RIBA South Conservation Talk Heritage and Ecology: Bats

For the June RIBA South Conservation Group talk, we will hear from Paul Whitby about the legal protection of bats and their roost sites and the potential conflicts from the renovation, modification, or repair of historic buildings, that pose a legal liability risk for owners.

For the June RIBA South Conservation Group talk, we will hear from Paul Whitby about the legal protection of bats and their roost sites and the potential conflicts from the renovation, modification, or repair of historic buildings, that pose a legal liability risk for owners. Understanding protected species legislation, requirements for planning consent, and the timings for suitable surveys of properties for bat presence is required to help ensure that a project can run smoothly.

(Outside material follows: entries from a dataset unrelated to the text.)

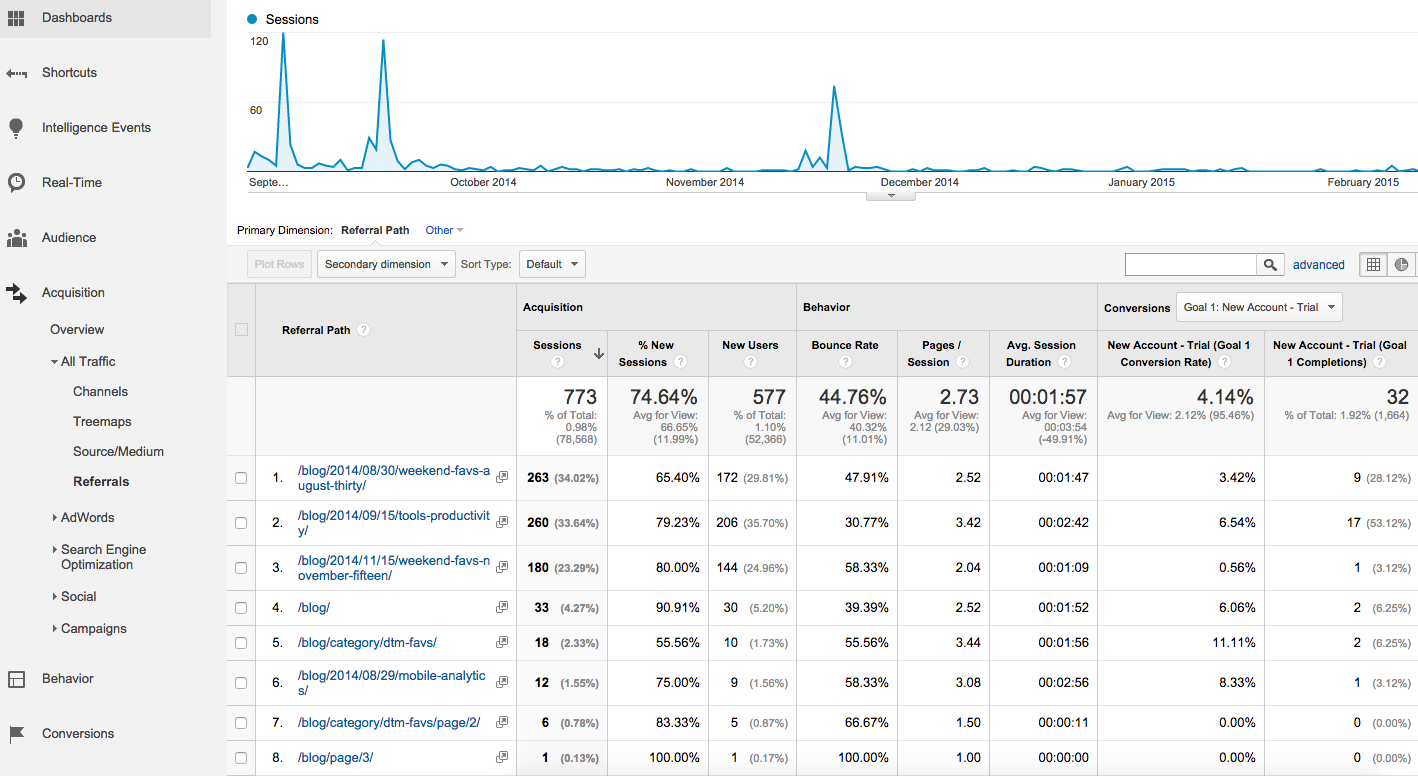 In addition to our blog brand building, Megalytic has been proactive about contributing content to relevant blogs and news outlets. One blog where I was honored to contribute was Duct Tape Marketing (see my post: The Top Google Analytics Reports for Assessing Mobile Activity). This type of outreach is a great way to build connections, as well as to expose your brand to a much larger audience. Megalytic has received both significant traffic and free trial signups as a result of multiple mentions on Duct Tape Marketing. To look at results from this specific site, we’ll go to Acquisition > All Traffic > Referrals. Once here, we can immediately see ducttapemarketing.com as the top referring site.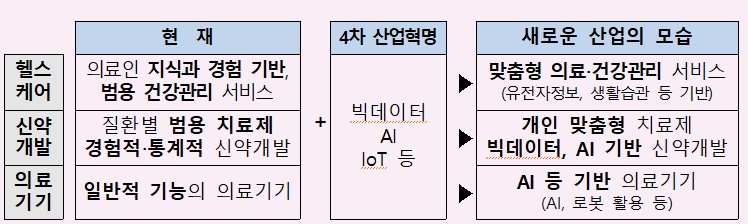 이번에 발표되는 전략에서는 △보안형 바이오 빅데이터 플랫폼 구축 및 빅데이터 기반 헬스케어 서비스 실증 추진 △국내 신약의 글로벌 경쟁력 제고 및 개방형 혁신 생태계 구축 △수요자 맞춤 의료기기 및 신개념 융합 의료기기 개발 △지역 바이오 클러스터 경쟁력 강화 등의 추진 전략이 제시됐다.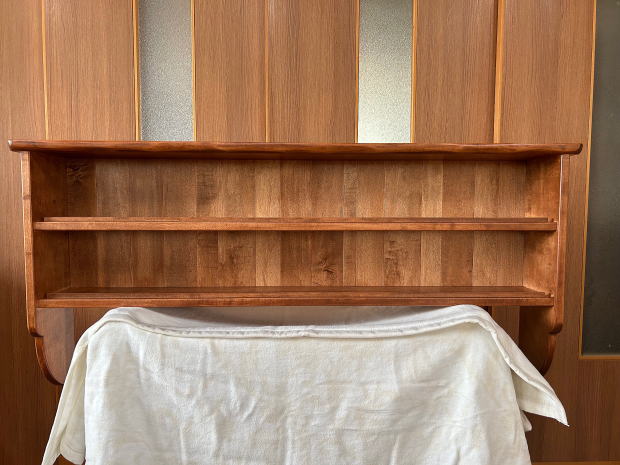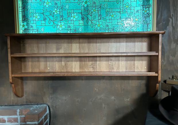 棚板にはカップの転落を防ぐための桟を取付けています。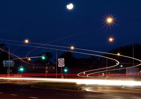 In this example, I chose a low ISO speed. This, together with the use of a narrower aperture, enabled me to achieve a slower shutter speed. A slow shutter speed blurs the light from the headlight and taillight of the cars, forming light trails.

By their nature, historic buildings tend to be more suitable for roosting bats due to their location (which is more typically rural) and the nature of older, more loose-fitting building materials, such as handmade clay tiles. Some bat roosts in historic buildings may have persisted for more than a century, in some cases several centuries.

We will look at examples of roost features that bats use and appropriate mitigation and compensation measures used to help ensure that bat conservation and historic buildings do not represent an excessive burdensome constraint, and indeed we will consider the positives that the presence of bats may have, and can provide to historic building owners and society.